3.6mmol (0.3318g) of toluene were placed in a 25mL two-necked flask equipped with a magnetic stirrer under an argon atmosphere; then, 1.2mmol (0.279g) of trichloroisocyanuric acid was added.

The flask was placed on a shaker and placed under a solar simulator at room temperature (25 ℃) for 8 h.

The reaction was monitored by Thin Layer Chromatography (TLC) and NMR analysis, and finally, when the toluene concentration was below 6%, the product was purified by passing through a silica pad.

Characterization of benzyl chloride obtained by Nuclear Magnetic Resonance (NMR) spectroscopy is reported below:

a colorless oil; (0.346g, 76% yield).

¹H NMR(400MHz,CDCl₃):7.48-7.29(m,5H),4.61(s,2H)。

¹³C NMR(100MHz,CDCl₃):137.5,128.7,128.5,128.4,46.2。

The obtained spectral data are consistent with those reported in The literature (S.H. Comme, A.Hosseini, A.Parra, P.R. Schreiner, The Journal of Organic Chemistry 2017,82, 2407-.

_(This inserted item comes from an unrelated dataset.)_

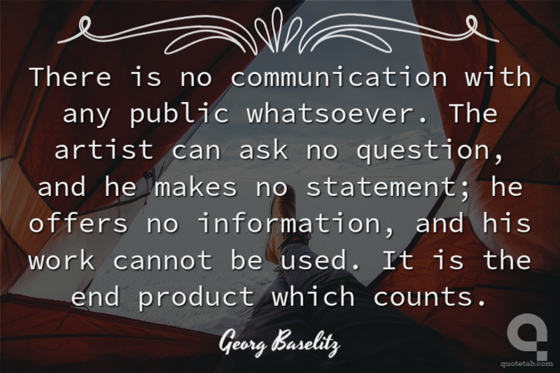 There is no communication with any public whatsoever. The artist can ask no question, and he makes no statement; he offers no information, and his work cannot be used. It is the end product which counts.
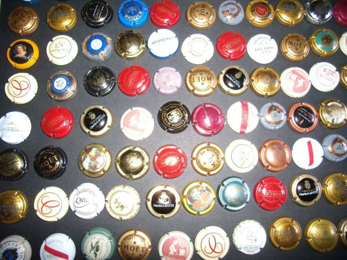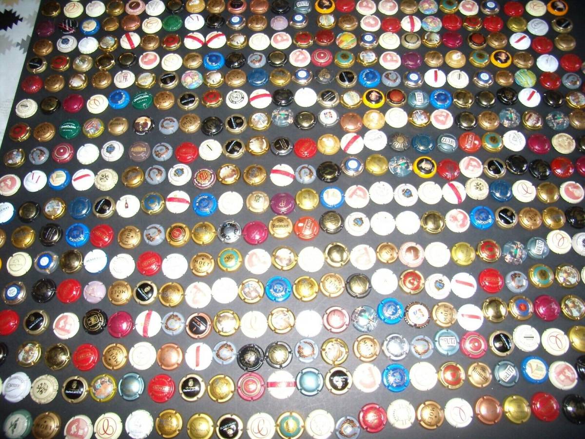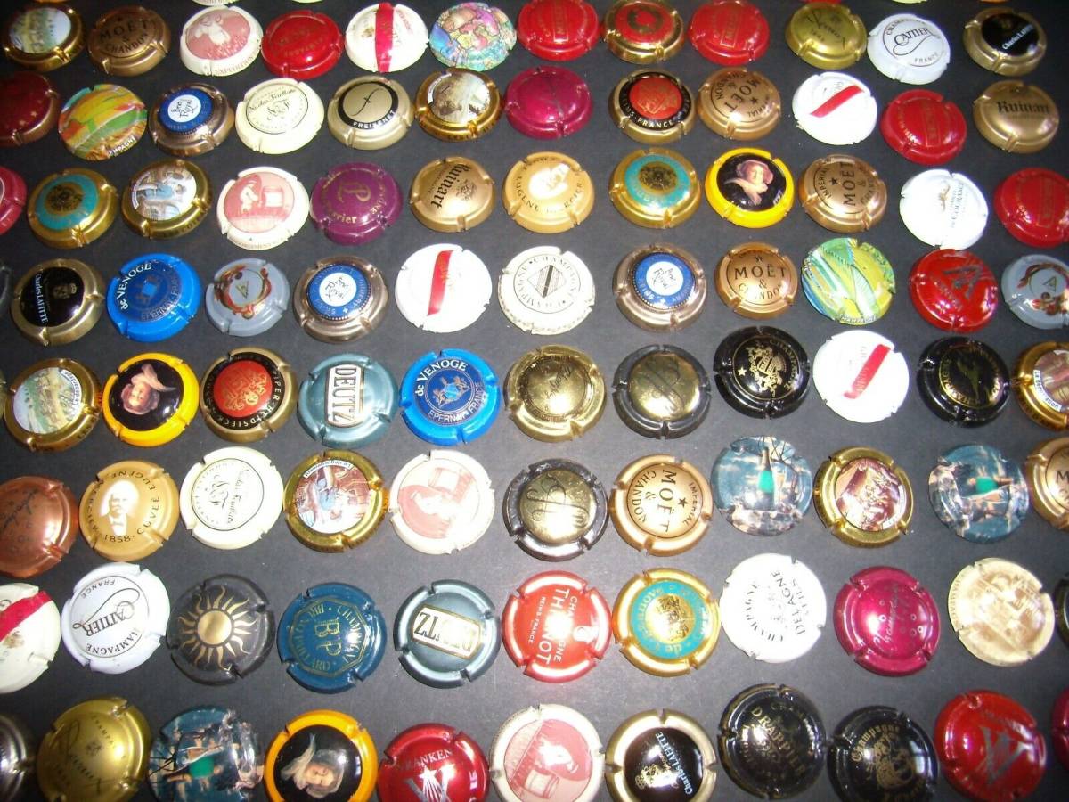 | シャンパン ミュズレ(王冠)のコレクション、約450個セットです。 シャンパン生産者がミュズレ内の王冠に工夫を凝らしたデザインを施し、 メゾンのエンブレムまたはメーカー名が表示され、生産者や製造年により異なり、 デザインのものからカラフルなものと様々です。 こうして収集するようにミュズレをコレクションしている人がおり、 専用のケース(ミュズレボード)も売り出されています。 | |||

Proceeding in a similar manner starting from the corresponding alkylaromatic compound optionally further substituted on the aromatic (or heteroaromatic) ring, the following reported products are obtained in similar yields and purities:

thus, the present process is configured as a green, solvent-free process with very high yields and conversions and with a very simple product isolation procedure (filtration through a silica pad). Thus, the present process allows to avoid the use of any solvent, to avoid the use of harsh reaction conditions, the atom economy of the process is very high, and the yields and conversions are optimal.